**EXCERPTED RECORDS**
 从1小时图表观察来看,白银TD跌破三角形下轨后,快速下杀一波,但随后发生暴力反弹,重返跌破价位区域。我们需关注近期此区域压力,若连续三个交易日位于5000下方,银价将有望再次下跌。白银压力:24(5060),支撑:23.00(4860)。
--
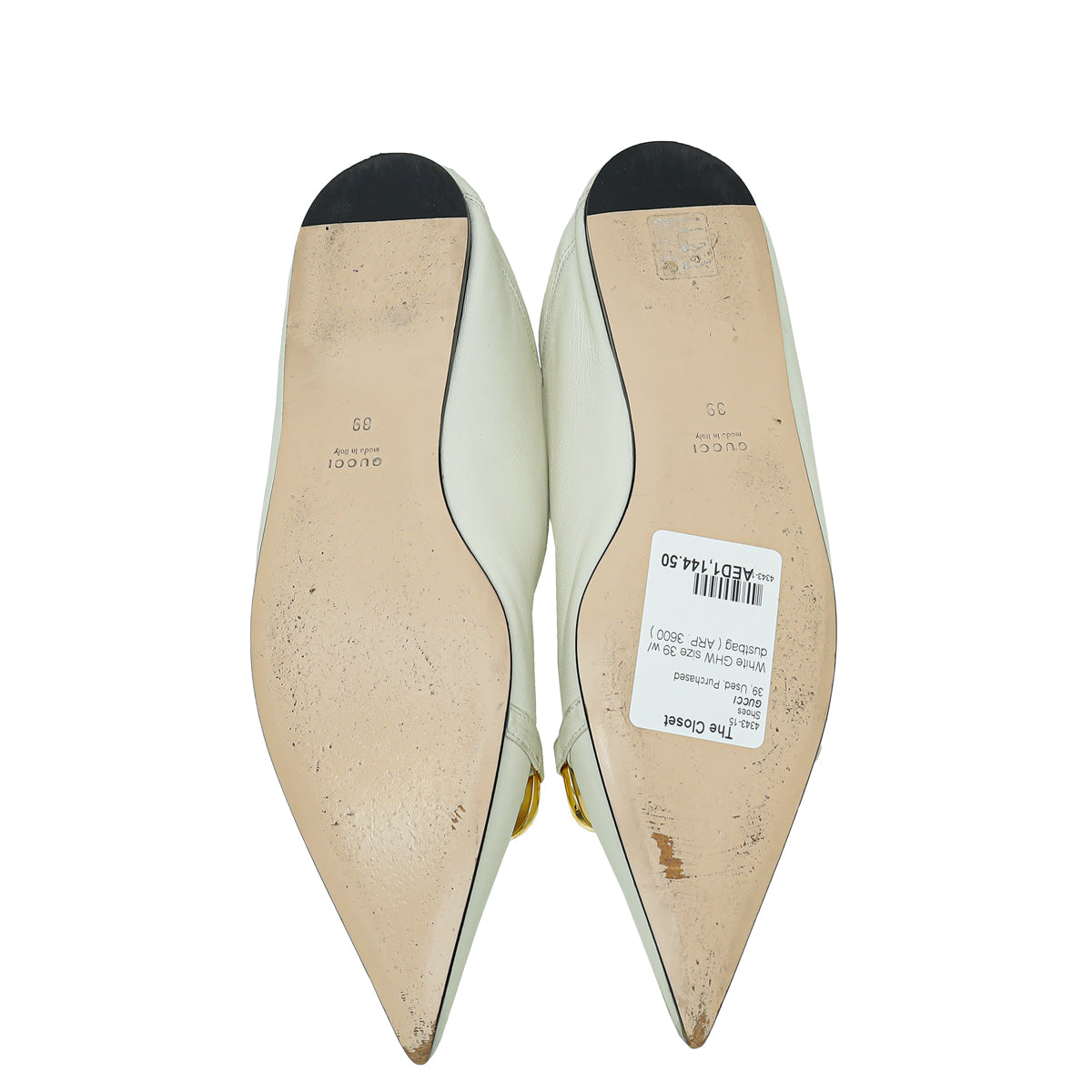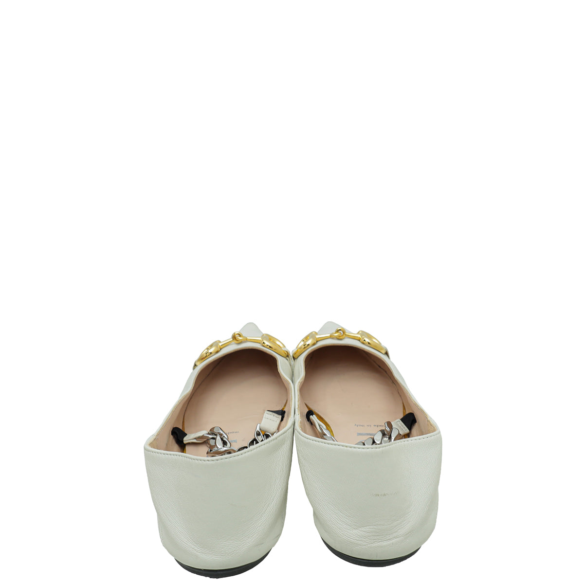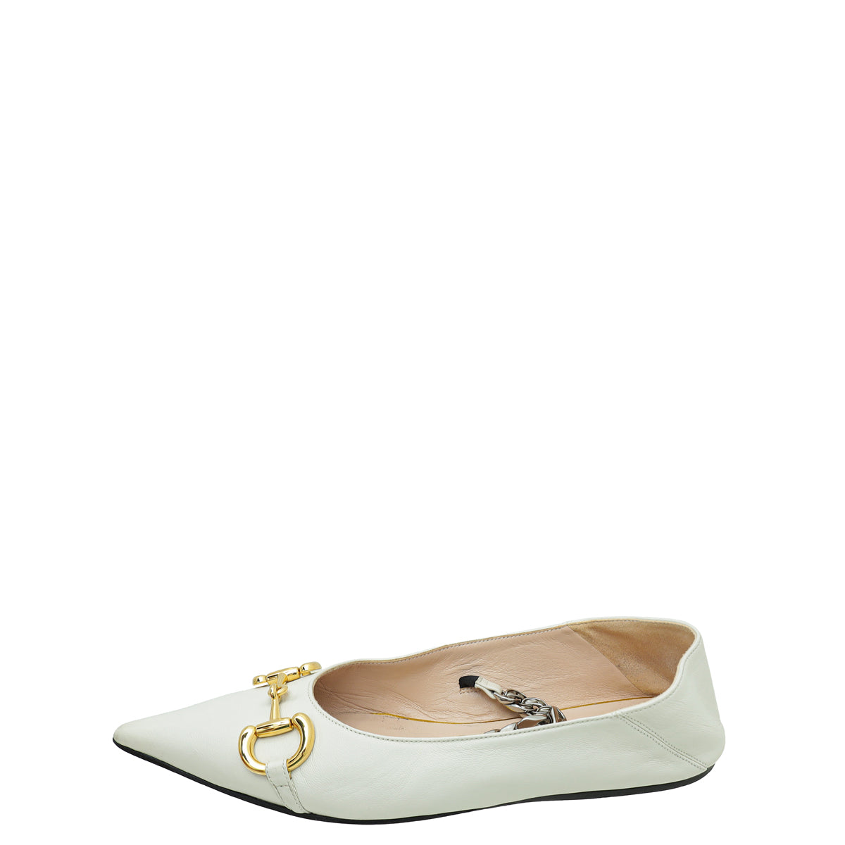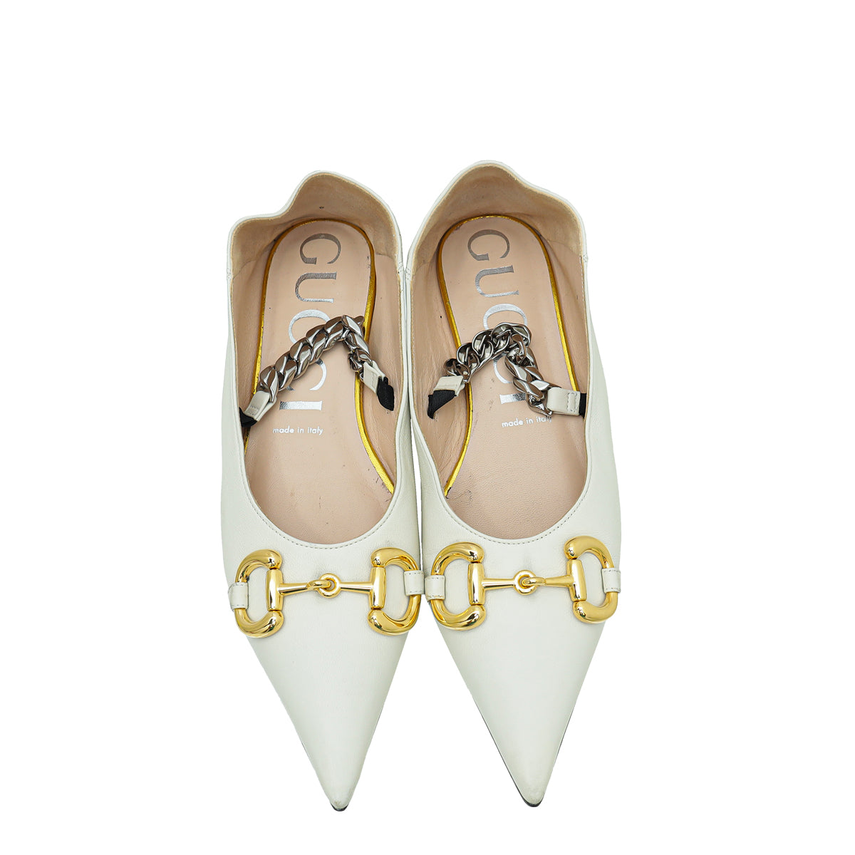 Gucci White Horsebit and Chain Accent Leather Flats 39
--
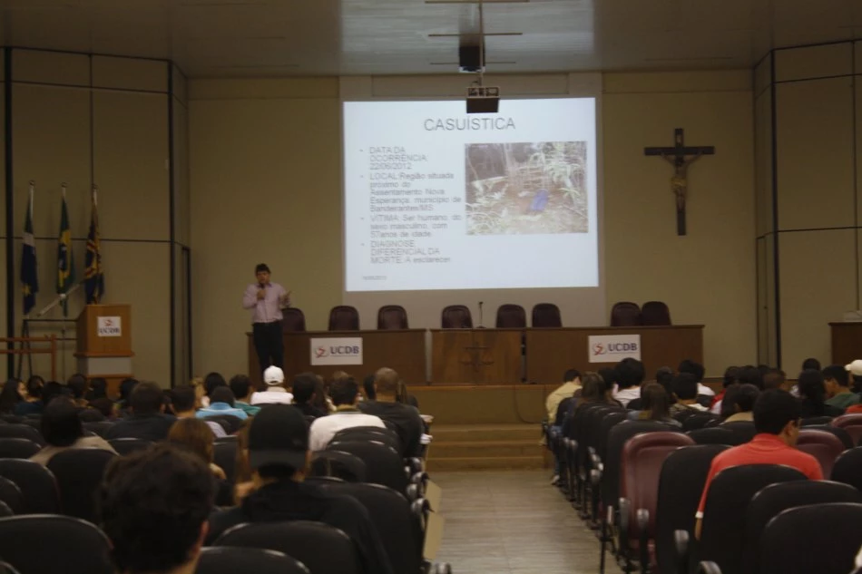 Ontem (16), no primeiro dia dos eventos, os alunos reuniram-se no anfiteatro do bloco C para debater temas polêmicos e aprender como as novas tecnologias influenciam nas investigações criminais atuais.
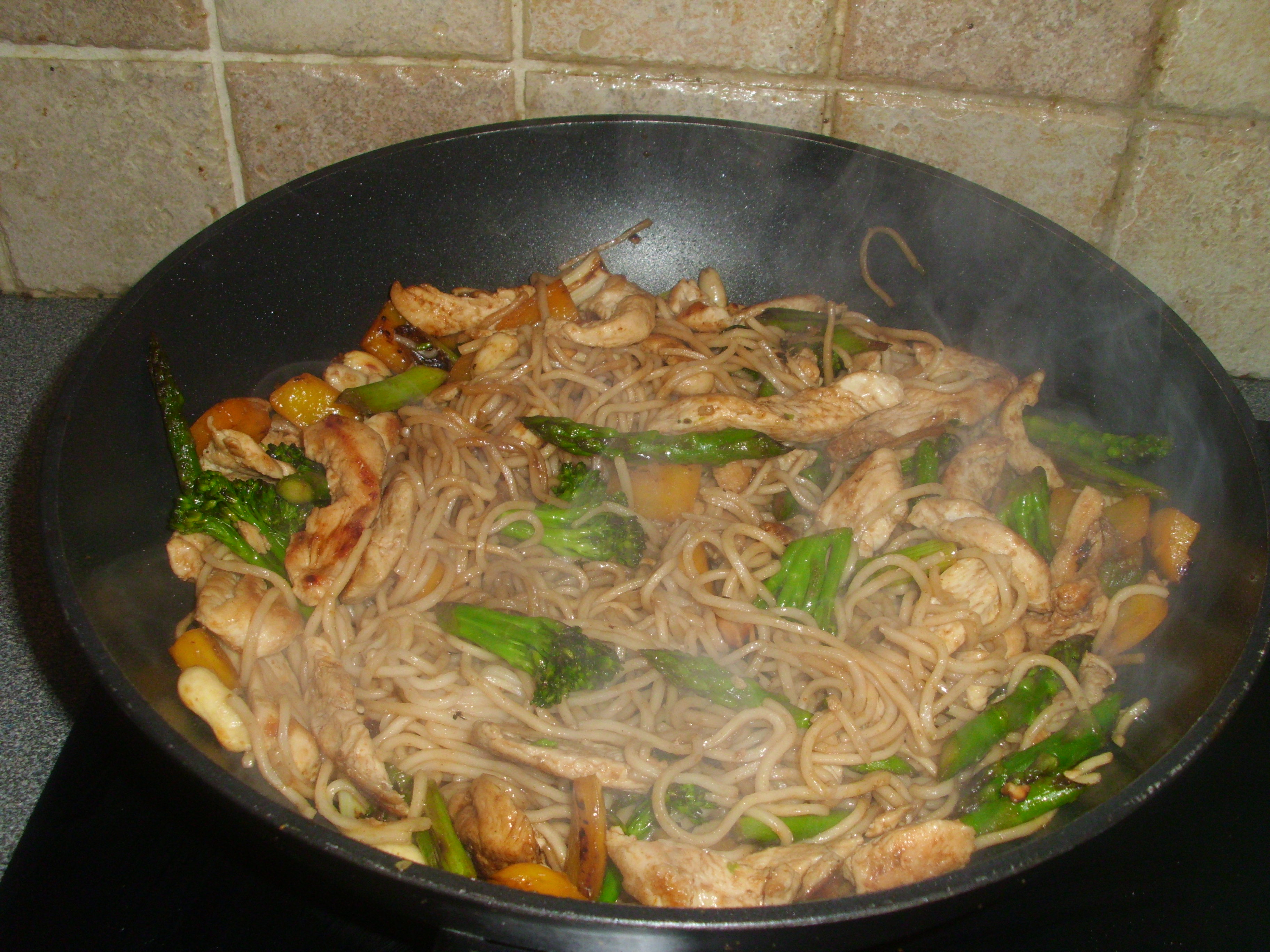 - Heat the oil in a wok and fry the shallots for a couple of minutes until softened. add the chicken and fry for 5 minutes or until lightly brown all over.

**TRY IT**
Take only the lines above from the one that has "Ontem (16), no" through the one that has "- Heat the oil" and reproduce them exactly, omitting any pictures.

**WRITTEN ANSWER**
 Ontem (16), no primeiro dia dos eventos, os alunos reuniram-se no anfiteatro do bloco C para debater temas polêmicos e aprender como as novas tecnologias influenciam nas investigações criminais atuais.
 - Heat the oil in a wok and fry the shallots for a couple of minutes until softened. add the chicken and fry for 5 minutes or until lightly brown all over.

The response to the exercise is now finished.